Tonight, as we adjust our clocks, gain one hour, and return to standard time, we come to see the changing of time and seasons.
November is a time to recall the saints and souls whose memories we hold dear.
We have holy days such as All Saints and All Souls, and today we commemorate the feast day of Saint Charles Borromeo, the patron of our San Carlos Cathedral in Monterey, and the Carmel Mission. Of course, both parish churches were established here by Saint Junipero Serra in the 1770s.
I’d like to speak about servant leadership. The gospel tells us of Jesus’s frustration that the scribes and Pharisees take seats of honor, but not lift a finger to help others, and ultimately not practice what they preach.
Well, this is an issue in Jesus’s time and ours. Maybe we’re better at pointing out problems than lending a helping hand or lifting a finger.
But the good news of the gospel is that so many people do, this is something we celebrate in our saints and heroes.
For example, Paul, in his letter to the Thessalonians, the very first composition in what would become the New Testament, makes an indirect reference to his work as a tentmaker.
He writes: “You recall our toil and drudgery. Working night and day in order not to burden any of you.” As a result, Paul is working the day shift as a tentmaker and tanner of animal skins. This handicraft provided the parchment or medium for writing that preserves his letters, a fascinating detail to his efforts on behalf of the gospel of Christ.
In past years I had the opportunity to teach about communication and leadership, I would make the case servant that leaders possess a few characteristics, namely leaders informed others, prepared people for change, valued the unique contribution of everyone, and at times mediated conflict.
Well, that’s precisely what Jesus is doing in today’s gospel passage from Matthew. Here he is giving emphasis to the humility that must be at the core of a person’s being to remain effective in the task of servant leadership.
So what is this task of the servant leader? Let’s take a recent example.
On August 20th of this year, the comedian Jerry Lewis passed away at his home in Las Vegas at the age of 91. He died at the same time as Hurricane Harvey was swelling up and catching our attention. So maybe his passing was not noticed as much, or perhaps his artistic legacy as an actor, director, and film innovator is not known to the present generation.
On Labor Day, September 4th, however, Cable TV’s Turner Movie Classics devoted an entire day to Jerry’s Lewis’s films. So many greats, including “The Stooge,” with Dean Martin, “The Bellboy,” where Lewis played dual roles alongside Milton Berle, another comedic genius of the early TV age, and my favorite Martin Scorsese’s “The King of Comedy.”
All of these films, and more, namely Jerry Lewis’s years of leadership in philanthropy supporting “Jerry kids,” and the annual telethon for MDS, muscular dystrophy.

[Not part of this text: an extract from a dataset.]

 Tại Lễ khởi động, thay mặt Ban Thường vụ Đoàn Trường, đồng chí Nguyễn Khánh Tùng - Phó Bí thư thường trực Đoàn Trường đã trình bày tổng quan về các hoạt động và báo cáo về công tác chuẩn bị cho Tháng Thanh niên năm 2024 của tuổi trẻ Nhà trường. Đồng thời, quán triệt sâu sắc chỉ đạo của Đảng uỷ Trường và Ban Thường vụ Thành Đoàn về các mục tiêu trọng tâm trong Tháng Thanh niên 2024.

Year after year, on Labor Day weekend, Lewis appeared and directed efforts to bring this cause before the American public, and raising millions upon millions of dollars for medical research that might lessen the burdens of children and adults with this painful disease.

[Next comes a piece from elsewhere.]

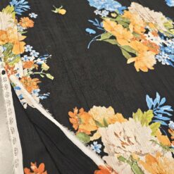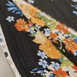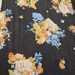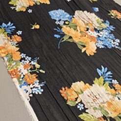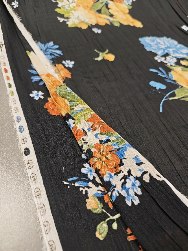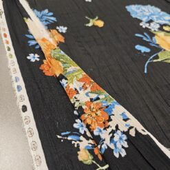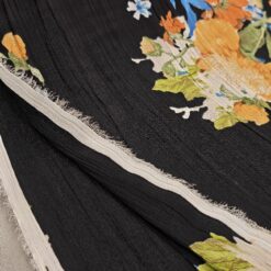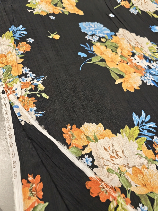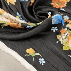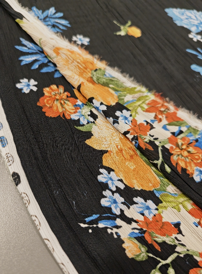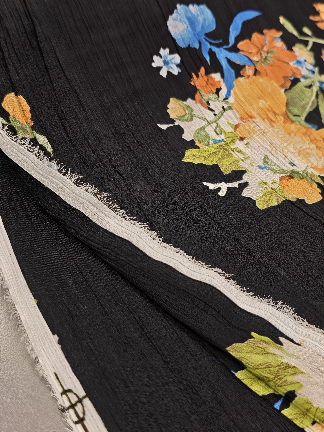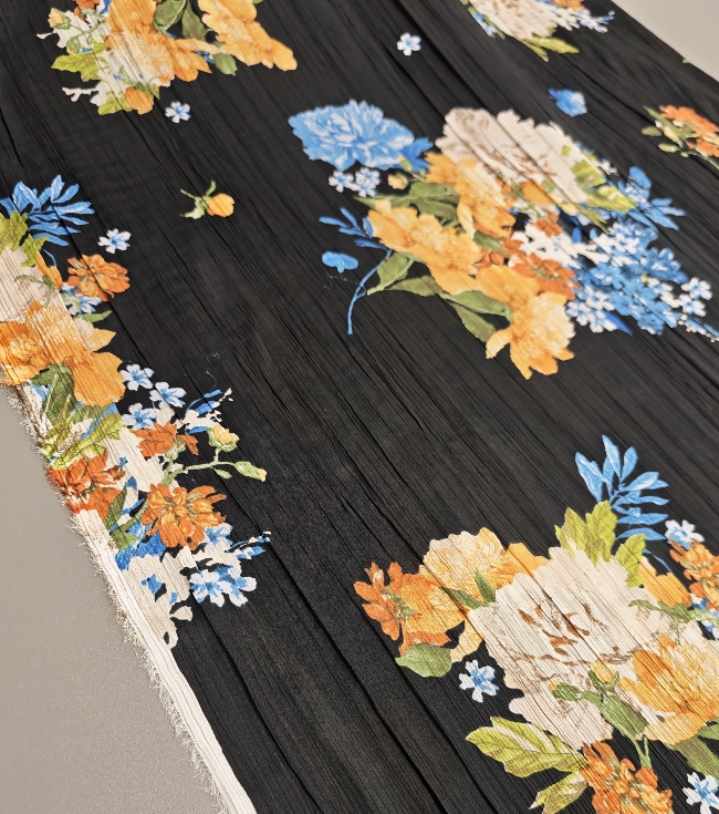 Lahek črn žoržet z izrazito mečkano strukturo ustvari moderen, rahlo sproščen videz, ki ostane lep tudi brez likanja. Površina daje oblačilom dodatno globino, material pa lepo pade in omogoča udobno nošenje skozi ves dan.

More important, and despite his critics, Lewis’s comedic gags and laughter were never leveled at his these challenged children. Instead, he played the clown that was within him and could get all of us to laugh despite our wounded selves.
And for those who value life, and those in the pro-life cause, I believe Jerry Lewis made his mark in bringing the issues of disability into the policy discussion of how we best support the needs of the handicapped in our schools, hospitals, and in public access.
Much has changed, including how we forward appeals today through social media. For example, at the time of Hurricane Harvey, charities raised over $350 million, and Houston Texans football player J.J. Watt and his foundation alone raised 30 million dollars.
The personal acts of heroism in Houston and the disaster, such as here in Sonoma and Napa counties, give further testimony to the servants among our first responders as well as our fellow citizens.
So much of the gospel speaks to subtle points about the spiritual lives of people. That the first shall be last, or the greatest among us must be our servants and work to advantage those most in need.
Here’s some advice from Mother Teresa: “Do it Anyway.”
This version of the text was discovered on the wall in Mother Teresa’s home for children in Calcutta.
American educator Keith Kent inspired the original composition.
People are often unreasonable, irrational, and self-centered. Forgive them anyway.
If you are kind, people may accuse you of selfish, ulterior motives. Be kind anyway.
If you are successful, you will win some unfaithful friends and some genuine enemies. Succeed anyway.
If you are honest and sincere, people may deceive you. Be honest and sincere anyway.
What you spend years creating, others could destroy overnight. Create anyway.
If you find serenity and happiness, some may be jealous. Be happy anyway.
The good you do today will often be forgotten. Do good anyway.
Give the best you have, and it will never be enough. Give your best anyway.
In the final analysis, it is between you and God. It was never between you and them anyway.
Rosary Chapel, Santa Catalina School, Monterey, CA.